## RAW DATA
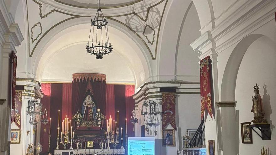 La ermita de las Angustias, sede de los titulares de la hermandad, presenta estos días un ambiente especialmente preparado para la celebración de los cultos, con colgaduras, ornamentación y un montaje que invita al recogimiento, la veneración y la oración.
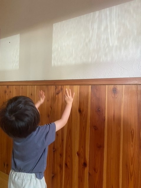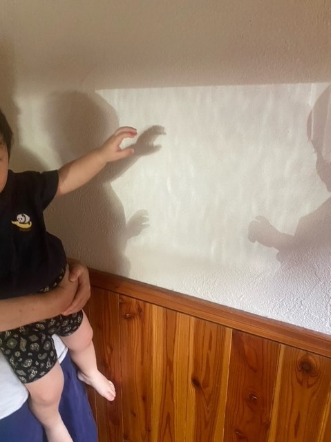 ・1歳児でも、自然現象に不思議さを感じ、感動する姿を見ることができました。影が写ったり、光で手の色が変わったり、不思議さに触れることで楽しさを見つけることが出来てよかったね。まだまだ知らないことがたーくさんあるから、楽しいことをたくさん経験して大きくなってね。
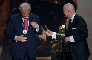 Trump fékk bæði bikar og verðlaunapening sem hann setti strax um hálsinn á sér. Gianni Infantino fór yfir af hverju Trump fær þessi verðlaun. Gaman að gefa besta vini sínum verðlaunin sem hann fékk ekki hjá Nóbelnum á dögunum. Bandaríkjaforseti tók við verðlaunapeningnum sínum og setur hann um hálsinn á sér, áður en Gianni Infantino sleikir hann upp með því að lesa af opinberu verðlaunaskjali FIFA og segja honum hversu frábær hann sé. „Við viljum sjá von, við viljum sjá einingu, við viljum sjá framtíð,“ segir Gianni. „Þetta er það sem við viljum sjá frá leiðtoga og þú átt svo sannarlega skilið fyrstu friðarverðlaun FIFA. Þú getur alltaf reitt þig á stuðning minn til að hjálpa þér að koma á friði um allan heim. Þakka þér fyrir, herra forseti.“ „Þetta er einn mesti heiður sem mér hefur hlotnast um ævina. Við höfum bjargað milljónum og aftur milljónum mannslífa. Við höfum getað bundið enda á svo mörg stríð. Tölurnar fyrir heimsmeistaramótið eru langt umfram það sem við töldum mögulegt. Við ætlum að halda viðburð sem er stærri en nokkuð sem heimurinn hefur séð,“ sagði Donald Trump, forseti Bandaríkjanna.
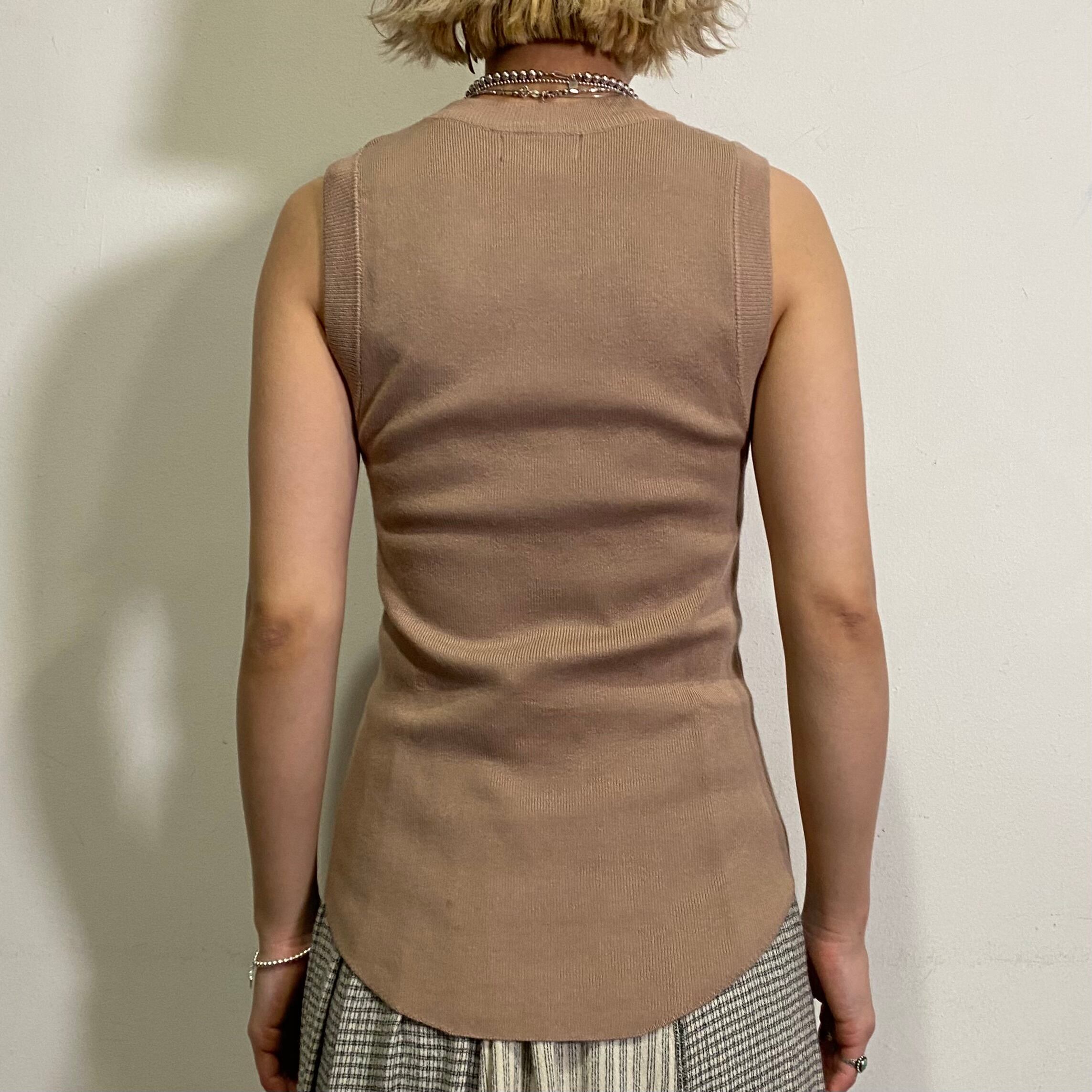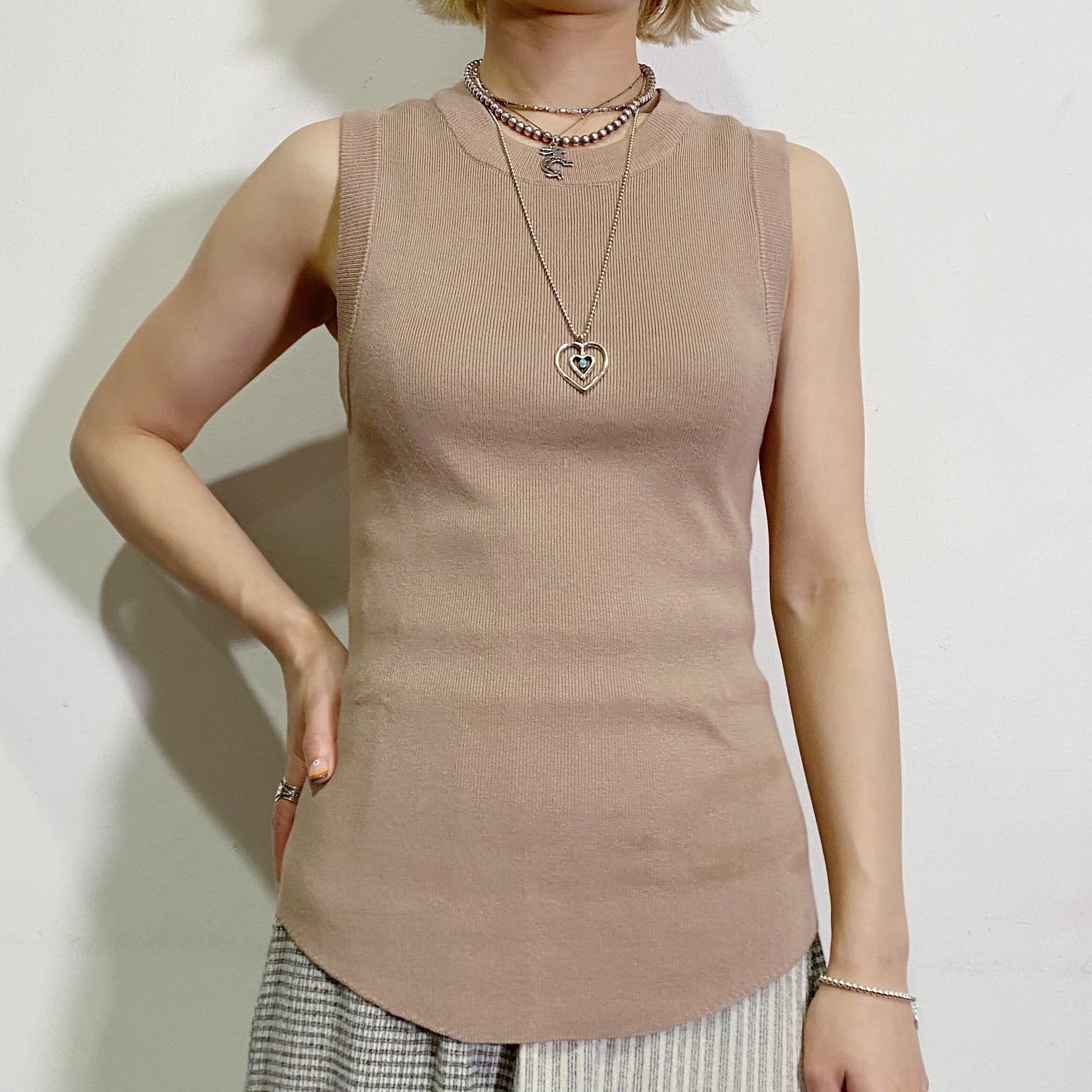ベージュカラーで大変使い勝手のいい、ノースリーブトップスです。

## WORK REQUIRED
Copy the listing in full and without alteration, omitting every picture.

## ANSWER BOX
 La ermita de las Angustias, sede de los titulares de la hermandad, presenta estos días un ambiente especialmente preparado para la celebración de los cultos, con colgaduras, ornamentación y un montaje que invita al recogimiento, la veneración y la oración.
 ・1歳児でも、自然現象に不思議さを感じ、感動する姿を見ることができました。影が写ったり、光で手の色が変わったり、不思議さに触れることで楽しさを見つけることが出来てよかったね。まだまだ知らないことがたーくさんあるから、楽しいことをたくさん経験して大きくなってね。
 Trump fékk bæði bikar og verðlaunapening sem hann setti strax um hálsinn á sér. Gianni Infantino fór yfir af hverju Trump fær þessi verðlaun. Gaman að gefa besta vini sínum verðlaunin sem hann fékk ekki hjá Nóbelnum á dögunum. Bandaríkjaforseti tók við verðlaunapeningnum sínum og setur hann um hálsinn á sér, áður en Gianni Infantino sleikir hann upp með því að lesa af opinberu verðlaunaskjali FIFA og segja honum hversu frábær hann sé. „Við viljum sjá von, við viljum sjá einingu, við viljum sjá framtíð,“ segir Gianni. „Þetta er það sem við viljum sjá frá leiðtoga og þú átt svo sannarlega skilið fyrstu friðarverðlaun FIFA. Þú getur alltaf reitt þig á stuðning minn til að hjálpa þér að koma á friði um allan heim. Þakka þér fyrir, herra forseti.“ „Þetta er einn mesti heiður sem mér hefur hlotnast um ævina. Við höfum bjargað milljónum og aftur milljónum mannslífa. Við höfum getað bundið enda á svo mörg stríð. Tölurnar fyrir heimsmeistaramótið eru langt umfram það sem við töldum mögulegt. Við ætlum að halda viðburð sem er stærri en nokkuð sem heimurinn hefur séð,“ sagði Donald Trump, forseti Bandaríkjanna.
ベージュカラーで大変使い勝手のいい、ノースリーブトップスです。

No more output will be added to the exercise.